═══ Records for the exercise ═══

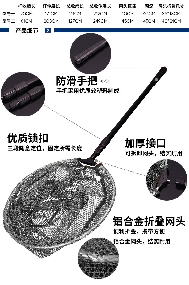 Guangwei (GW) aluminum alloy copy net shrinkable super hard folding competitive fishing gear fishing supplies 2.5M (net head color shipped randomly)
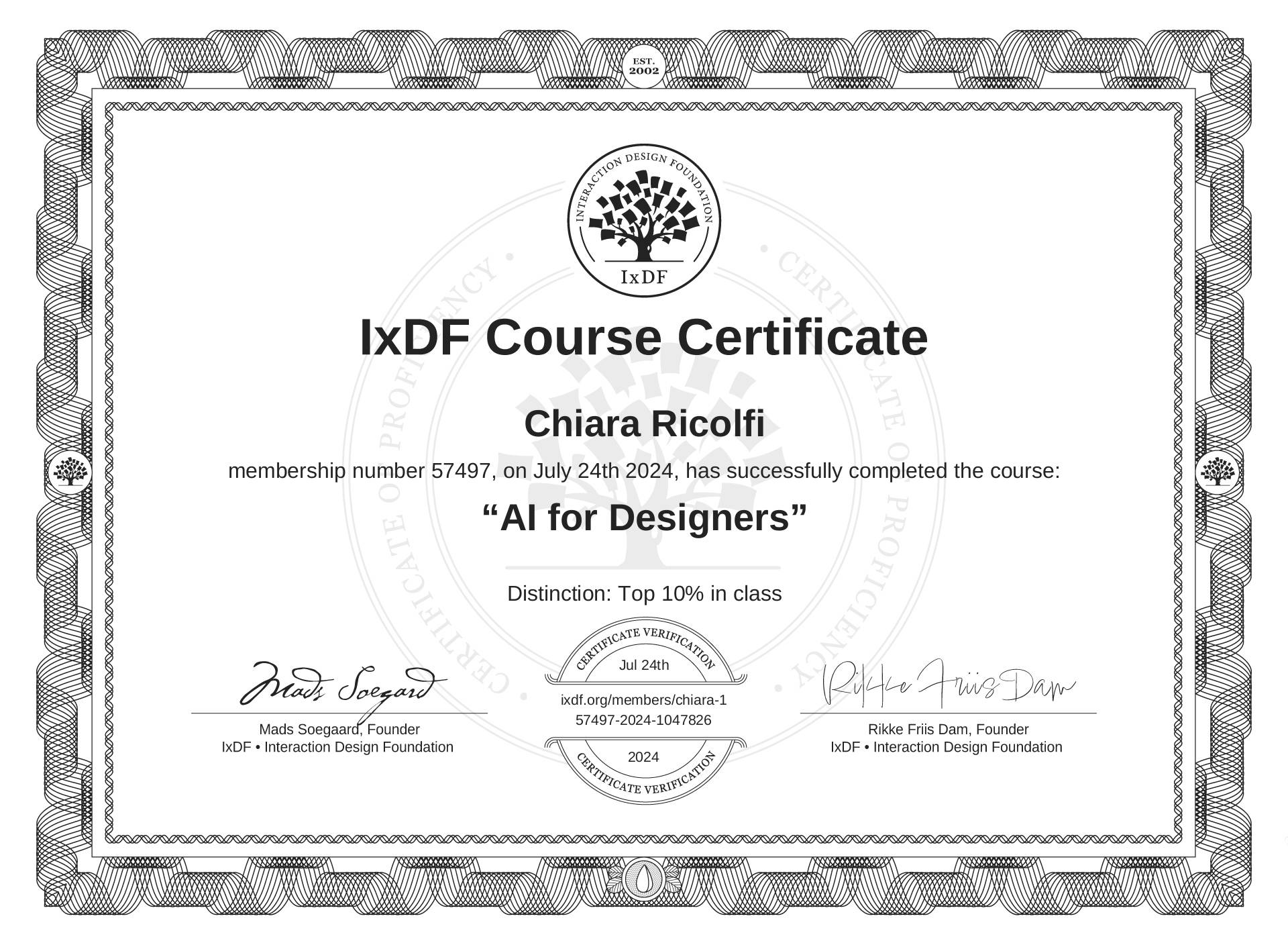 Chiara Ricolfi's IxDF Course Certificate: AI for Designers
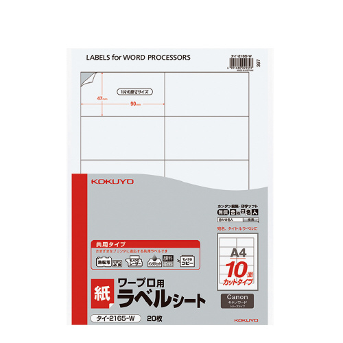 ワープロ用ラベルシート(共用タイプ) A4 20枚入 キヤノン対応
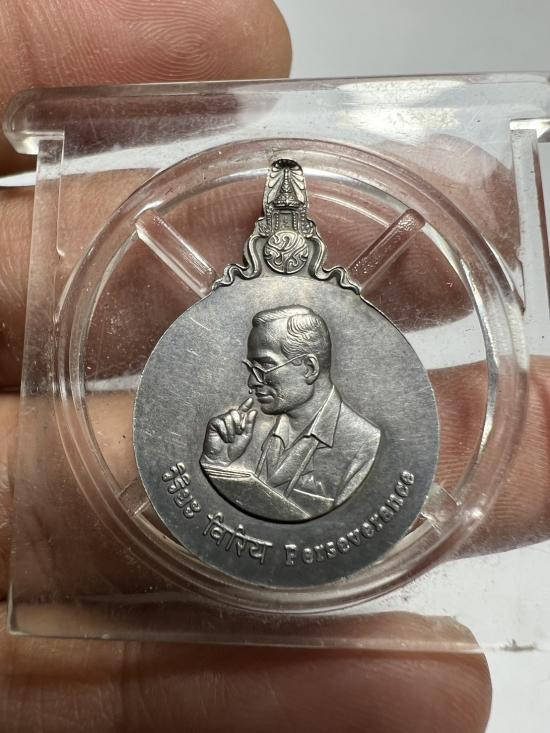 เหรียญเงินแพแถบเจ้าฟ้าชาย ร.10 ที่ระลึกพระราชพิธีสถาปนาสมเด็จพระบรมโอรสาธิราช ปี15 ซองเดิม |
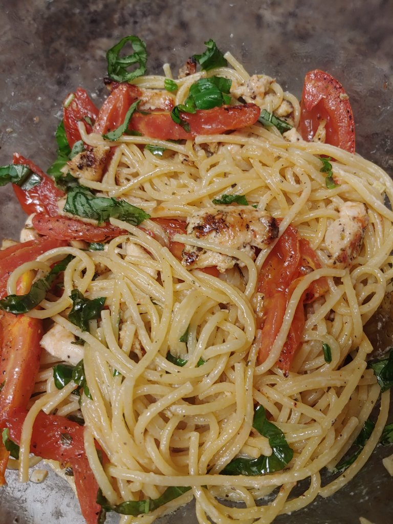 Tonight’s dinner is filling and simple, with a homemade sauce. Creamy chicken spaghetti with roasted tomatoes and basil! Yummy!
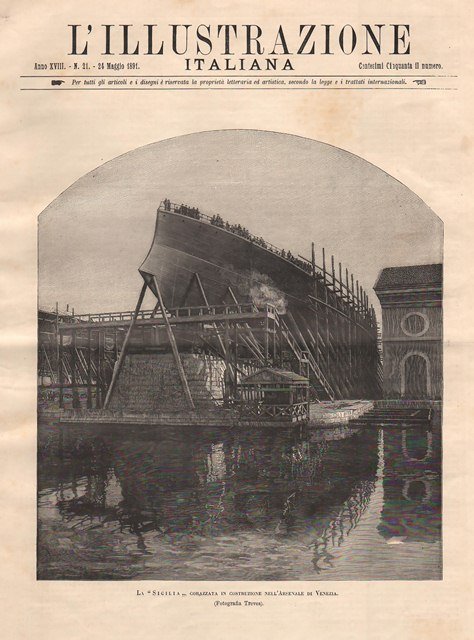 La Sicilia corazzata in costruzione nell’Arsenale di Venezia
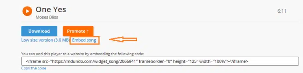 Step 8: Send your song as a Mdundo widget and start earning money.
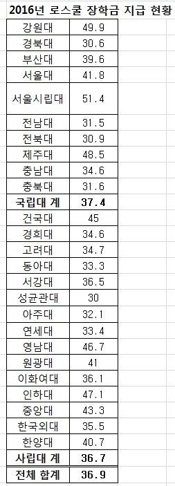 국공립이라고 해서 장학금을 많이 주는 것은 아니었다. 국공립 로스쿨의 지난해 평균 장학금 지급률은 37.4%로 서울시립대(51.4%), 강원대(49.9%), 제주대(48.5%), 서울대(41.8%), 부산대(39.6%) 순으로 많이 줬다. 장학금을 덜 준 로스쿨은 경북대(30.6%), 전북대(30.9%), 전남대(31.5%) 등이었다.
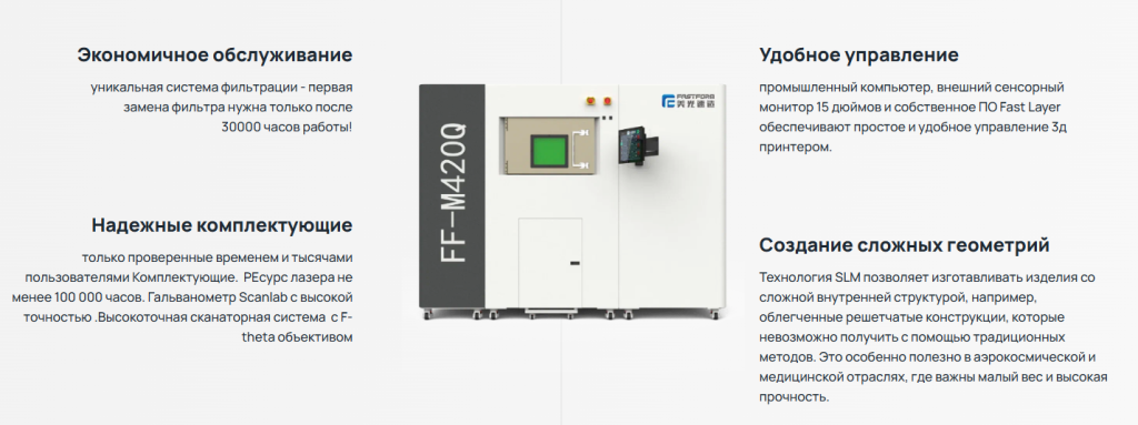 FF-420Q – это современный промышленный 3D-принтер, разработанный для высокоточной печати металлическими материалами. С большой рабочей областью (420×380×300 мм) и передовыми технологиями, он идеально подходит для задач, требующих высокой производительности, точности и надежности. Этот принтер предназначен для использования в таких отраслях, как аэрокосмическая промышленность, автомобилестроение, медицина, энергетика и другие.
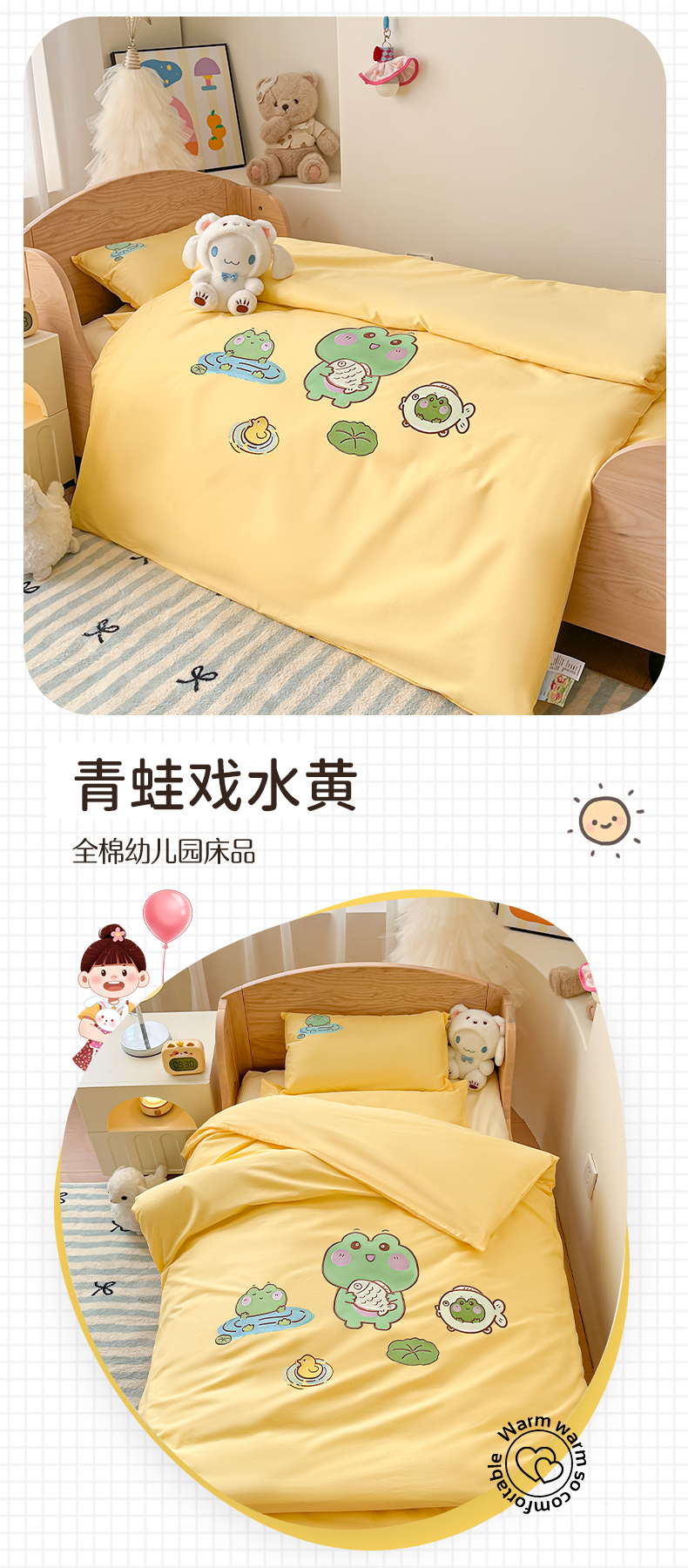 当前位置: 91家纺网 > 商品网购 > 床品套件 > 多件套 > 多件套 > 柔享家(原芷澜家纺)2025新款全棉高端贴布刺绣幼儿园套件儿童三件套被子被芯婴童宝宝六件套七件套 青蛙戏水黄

═══

This exercise asks for an exact copy of the lines from the first one in the data through the line that contains "ワープロ用ラベルシート(共用タイプ) A4 20枚入 キヤノン対応", pictures excluded.

 Guangwei (GW) aluminum alloy copy net shrinkable super hard folding competitive fishing gear fishing supplies 2.5M (net head color shipped randomly)
 Chiara Ricolfi's IxDF Course Certificate: AI for Designers
 ワープロ用ラベルシート(共用タイプ) A4 20枚入 キヤノン対応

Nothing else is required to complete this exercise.